Dataset excerpt Block Start

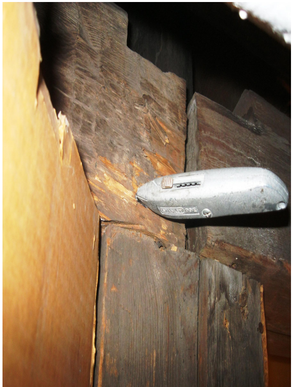
Photo 2 – Poor fit up and wood density at 1<sup>st</sup> floor beams and column
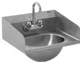
hand sink with optional end splashes
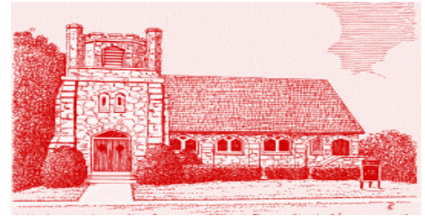
"The Little Stone Church That Rocks"

Brookfield Unitarian Universalist Church 9 Upper River Street, P.O. Box 386, Brookfield, MA 01506 buuc01506@gmail.com , www.buuc.org , 508-867-5145

Dataset excerpt Block End

What you need to do: Set down the material exactly, every line of it, except for the pictures.

Solution for this problem:
Photo 2 – Poor fit up and wood density at 1<sup>st</sup> floor beams and column
hand sink with optional end splashes
"The Little Stone Church That Rocks"

Brookfield Unitarian Universalist Church 9 Upper River Street, P.O. Box 386, Brookfield, MA 01506 buuc01506@gmail.com , www.buuc.org , 508-867-5145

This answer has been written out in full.